Did you resolve this as I see it is ticked resolved?

Falk Maria Zeitsprung•12mo ago

no sorry, its NOT resolved. i just edited it.

Iliyas M•12mo ago

Can u elaborate ur question more? I am not able to understand what u r looking for.

Falk Maria Zeitsprung•12mo ago

Sure, sorry: I have a database field 'languages', where i have saved on or several json strings, like the above ones. they contain the languae, an applicant speaks, and also the level. It can be 1 to n lines. But at least one. No i want to create in my ApplicantsResource in the table view a Filter, where i can select a language. F.E. french, so that the list will show only the applicants which have french in their language field. I am struggling with the json string. I dont get the language out of the stron to compare it with teh selected language in the dropdown list.
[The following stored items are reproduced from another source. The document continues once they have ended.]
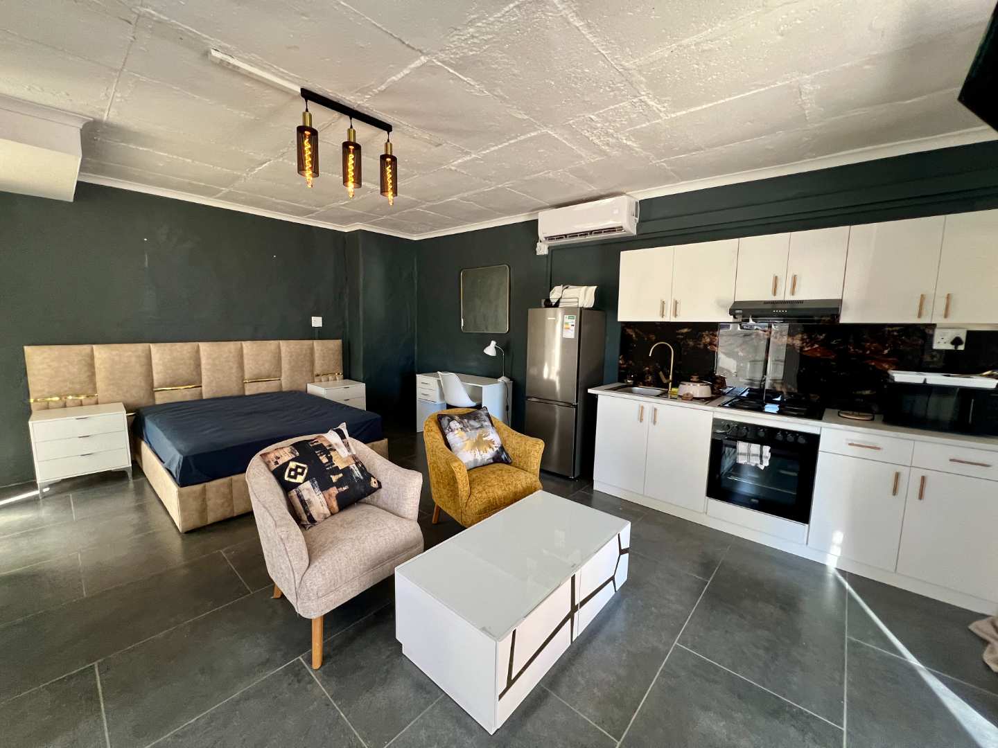 Semi-furnished with brand-new furniture and appliances, including custom-made beds, sofas, lounge sets, TVs, washing machines, microwaves and fridges and dining sets.
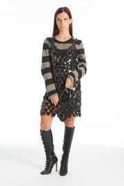 Designer Julien Dossena reworks a classic Paco Rabanne dress from the groundbreaking "Manifesto: 12 Unwearable Dresses in Contemporary Materials" collection. Made from star-shaped plastic links held together by bronze-colored hardware for a futuristic effect. Comes with a black underdress.
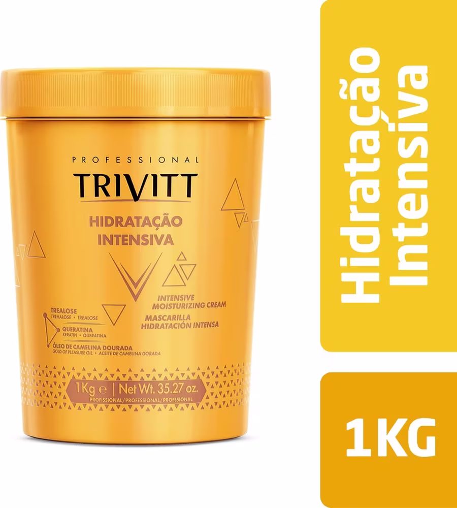 Itallian Hairtech Professional Trivitt Hidratação Intensiva - Máscara Capilar 1kg: penetra na parte interna da fibra capilar, fortalecendo os fios contra a quebra através dos seus ingredientes com alto poder de hidratação. Sua fórmula sela as cutícula, auxiliando na reposição da hidratação perdida, deixando o cabelo com brilho, resistente e condicionado.
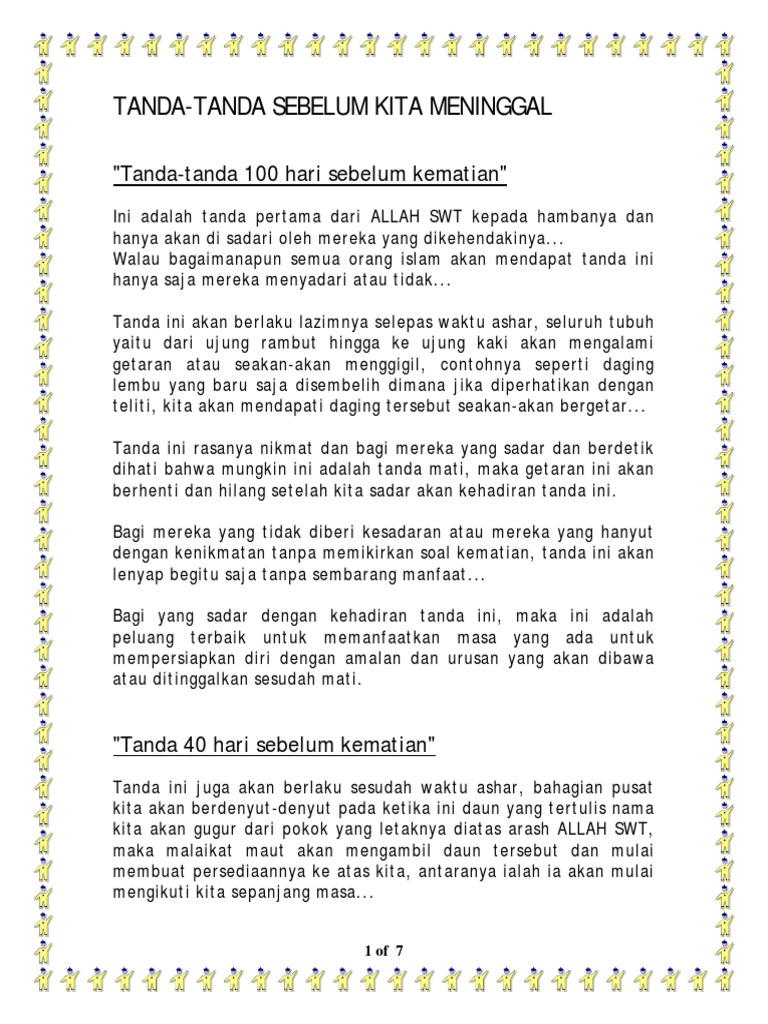 Tanda tangan merupakan salah satu bentuk dari tulisan tangan seseorang, sehingga karakter seseorang pun dapat dilihat dan dianalisis melalui tanda tangannya. Tanda tanda jodoh apa sudah kamu rasakan dengan dia ? Tanda koma adalah tanda baca yang memiliki bentuk mirip apostrof atau tanda petik tunggal tapi diletakkan di garis dasar teks. Beberapa jenis huruf menggambarkannya sebagai suatu garis kecil yang agak melengkung atau kadang lurus, atau seperti angka sembilan yang diisi bagian lubangnya. Bersabda, imam mahdi akan keluar di akhir umatku. Tanda petik ini berfungsi sebagai yang berbeda dengan tanda petik tunggal, tanda petik dua merupakan tanda petik yang berfungsi untuk. Maka seperti kata rasulullah, taubat akan diterima sebelum matahari terbit dari tempat terbenamnya. Kedua tanda tersebut adalah tanda kiamat sugra (tanda kiamat kecil) dan tanda kiamat kubra (tanda kiamat besar). Salah satu tanda ini yang dimaksud adalah berdenyut pada dahi. Keguguran adalah kematian janin dalam kandungan sebelum usia kehamilan mencapai 20 minggu. إِذَا أَرَادَ الله بعبدِهِ الخَيرَ عَجَّلَ لَهُ العُقُوبَةَ في الدُّنْيا. Nabi muhammad diutus ke dunia adalah tanda dekatnya hari kiamat. Kram perut adalah tanda tanda akan haid yang paling khas.
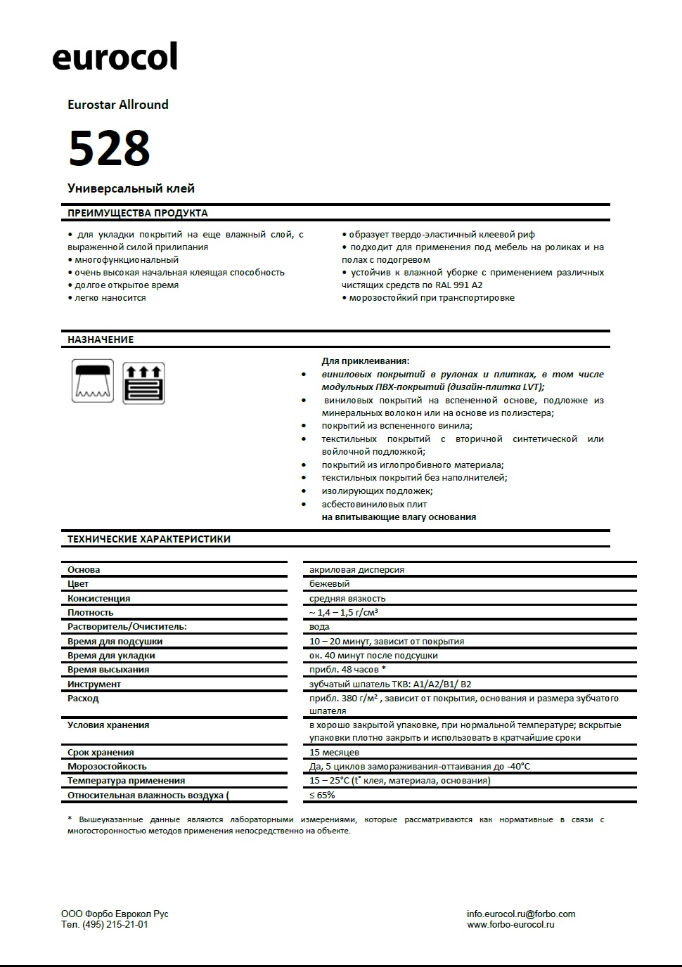 Клей для виниловых покрытий Forbo Eurocol 528 Eurostar Allround
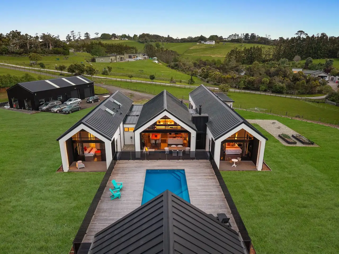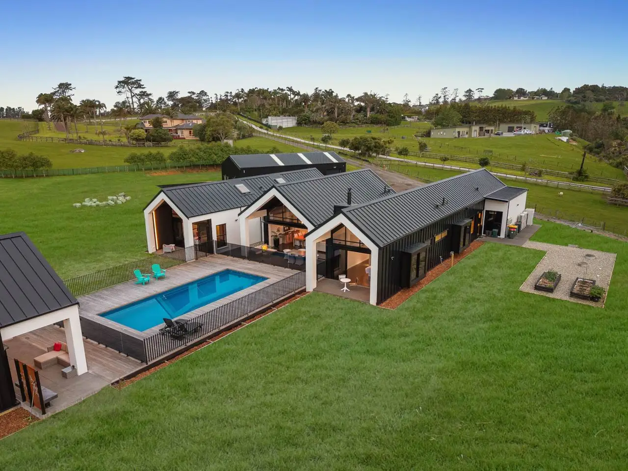A rare opportunity — an architecturally confident home set on 1.366 hectares that lives like a private country estate, can function as a fully operational lifestyle block or an executive retreat. At 498 m²(more or less) this is generous, considered design: spaces that welcome gathering, solitude and every kind of family life in between.The home is resolved in high-quality, durable materials — warm, textured timber, polished concrete floors with hydronic underfloor heating and wide timber decking that draws the inside out to the landscape. Large glazed volumes frame paddock and garden views, letting light fall across generous living spaces and quietly showcasing the craftsmanship throughout.The heart of the home is a chef-calibre kitchen with scullery flowing to entertainer-friendly living and outdoor areas, including a beautifully appointed cabana with built-in amenities and a heated concrete seat. Along with thoughtfully positioned pool it creates a private resort feel on the property.Practical excellence is integral: multiple heating/cooling zones, extensive water storage, modern wastewater filtration, high-speed data and integrated security with digital access and automated lighting, systems that deliver comfort, efficiency and peace of mind. A substantial 160 m² barn with dual access provides genuine utility for equipment, animals or workshop needs.This is not just a home, it’s a lifestyle unlocked: room for horses, hobby farming or simply the luxury of space, design and exceptional build quality. Positioned for easy access to town yet comfortably private, 55A Nixon Road is a unique offering for buyers seeking something truly special. Auction: 280 Manukau Road, Epsom (Branch Office) on Wednesday 26 November 2025 at 5:30PM (unless sold prior)
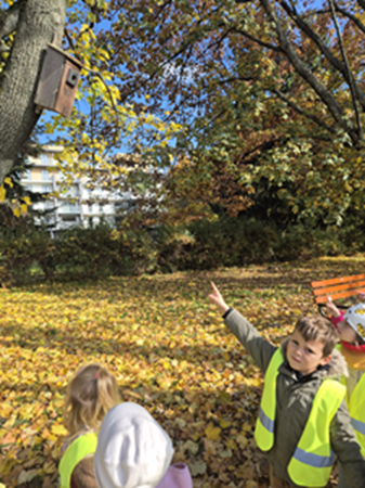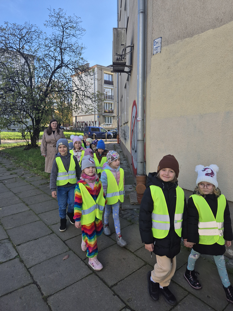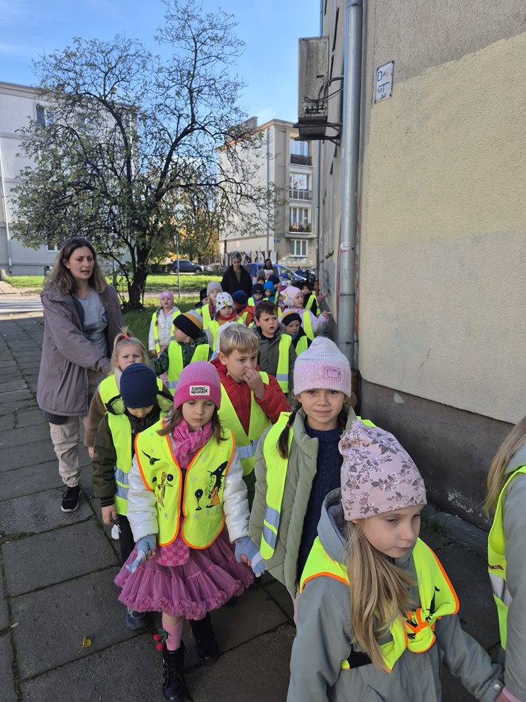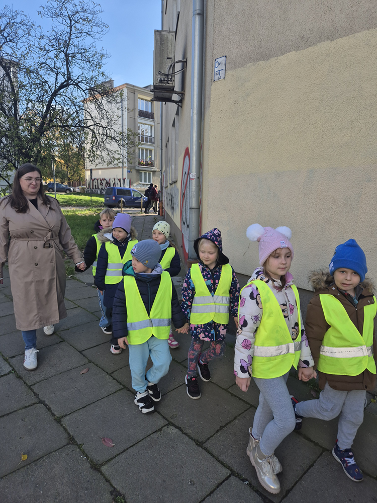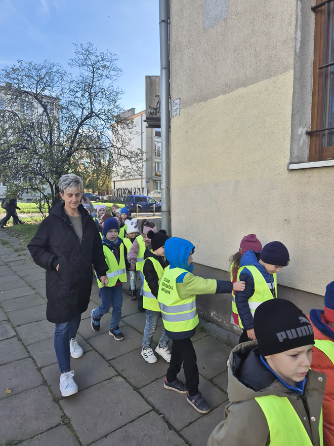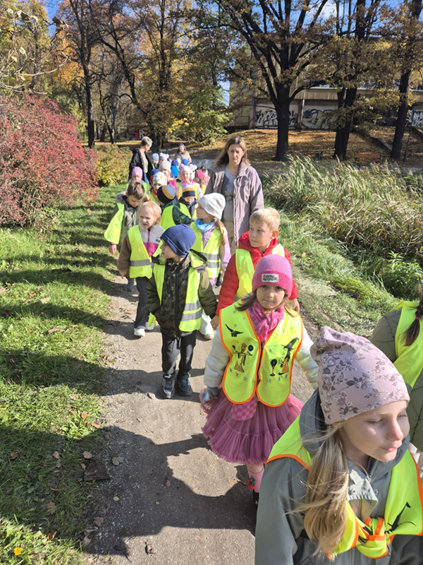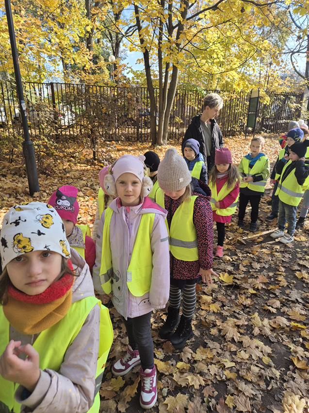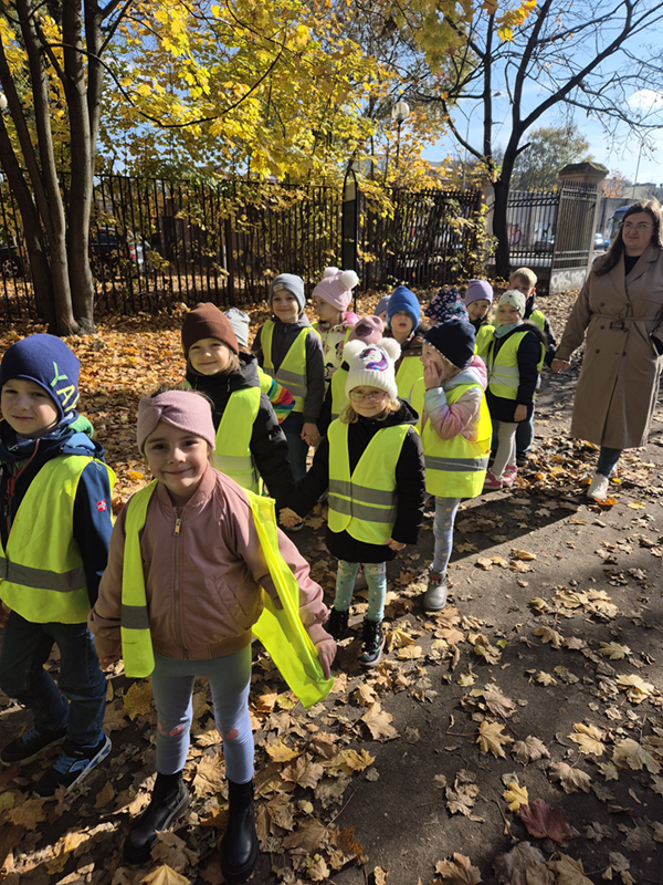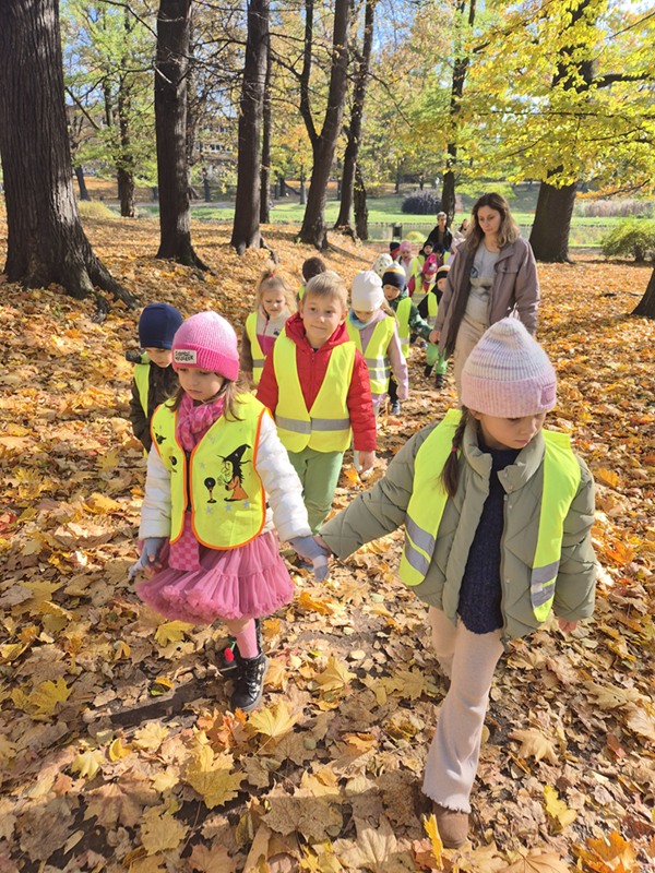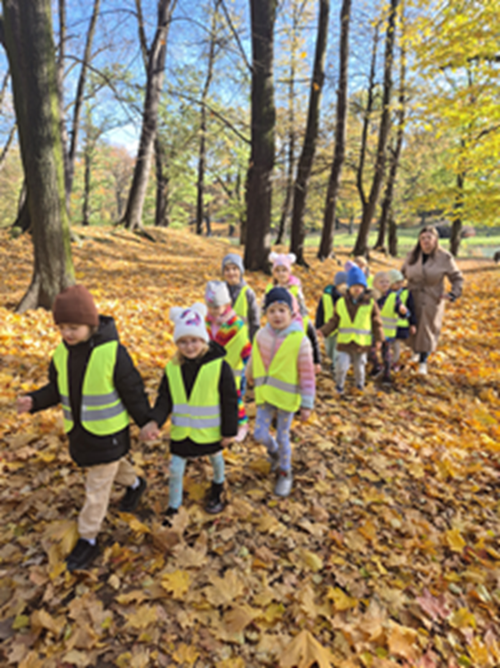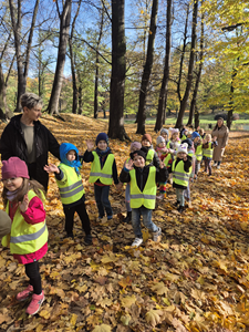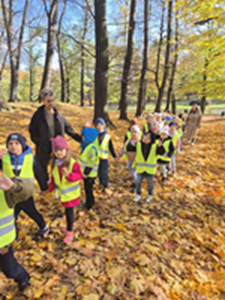 W październiku, korzystając z pięknej jesiennej pogody, po powtórzeniu zasad bezpiecznego poruszania się w parach, Żaczki i Juniorzy wybrali się na spacer do Parku Helenów. Przedszkolaki były bardzo skupione, zaciekawione, z zainteresowaniem oglądały zmiany zachodzące jesienią w przyrodzie. Po drodze uczyły się rozpoznawać wybrane drzewa takie jak: buk, klon, dąb, jawor, jesion. Rozglądały się w poszukiwaniu wiewiórki, ptaków oraz budek lęgowych. Przeszliśmy wokół stawów, przyglądając się pływającym kaczkom. Na koniec doszliśmy także do groty, która zrobiła na dzieciach duże wrażenie. Największą frajdę sprawiało im chodzenie po liściach i szuranie stopami, ponieważ szeleściły i jak to dzieci określiły: „pachniały jesienią”.

I thougt i can do it with somehtin like

$query->whereJsonContains('languages', ['language' => $value]);

$query->whereJsonContains('languages', ['language' => $value]);

` but i cant get it to work.

toeknee•12mo ago

Yeah that's a bit of a tricky scenario, most people would say them as individual database values indexed of the language

Iliyas M•12mo ago

Try this one

$query->whereJsonContains('languages->language',$value)

$query->whereJsonContains('languages->language',$value)

Or this one,

$query->whereJsonContains('languages',[['language' => $value]])

$query->whereJsonContains('languages',[['language' => $value]])

Falk Maria Zeitsprung•12mo ago

if i do:

SelectFilter::make('languages')
                    ->options(['english' => 'Englisch', 'spanish' => 'Spanisch', 'french' => 'Französisch'])
                    ->query(fn(Builder $query, $value): Builder => $query->whereJsonContains('languages',[['language' => $value]])),

SelectFilter::make('languages')
                    ->options(['english' => 'Englisch', 'spanish' => 'Spanisch', 'french' => 'Französisch'])
                    ->query(fn(Builder $query, $value): Builder => $query->whereJsonContains('languages',[['language' => $value]])),

` i get the error:

Unable to resolve dependency [Parameter #1 [ <required> $value ]] in class App\Filament\Resources\ApplicantResource

Unable to resolve dependency [Parameter #1 [ <required> $value ]] in class App\Filament\Resources\ApplicantResource

` 😦

Solution

Patrick Boivin•12mo ago

Try $state instead of $value

Falk Maria Zeitsprung•12mo ago

@pboivin error is gone! thanks 🙂 yesss

Falk Maria Zeitsprung•12mo ago

But i have still the problem, that the filter is not working: My table field languages can look like this:

[{"language":"albanian","language_level":"Conversation"}]

[{"language":"albanian","language_level":"Conversation"}]

` or like this

[{"language":"english","language_level":"Fluent \/ Fluent business"},{"language":"russian","language_level":"Lengua materna"},{"language":"hungarian","language_level":"Conversation"},{"language":"spanish","language_level":"Conversation"}]

[{"language":"english","language_level":"Fluent \/ Fluent business"},{"language":"russian","language_level":"Lengua materna"},{"language":"hungarian","language_level":"Conversation"},{"language":"spanish","language_level":"Conversation"}]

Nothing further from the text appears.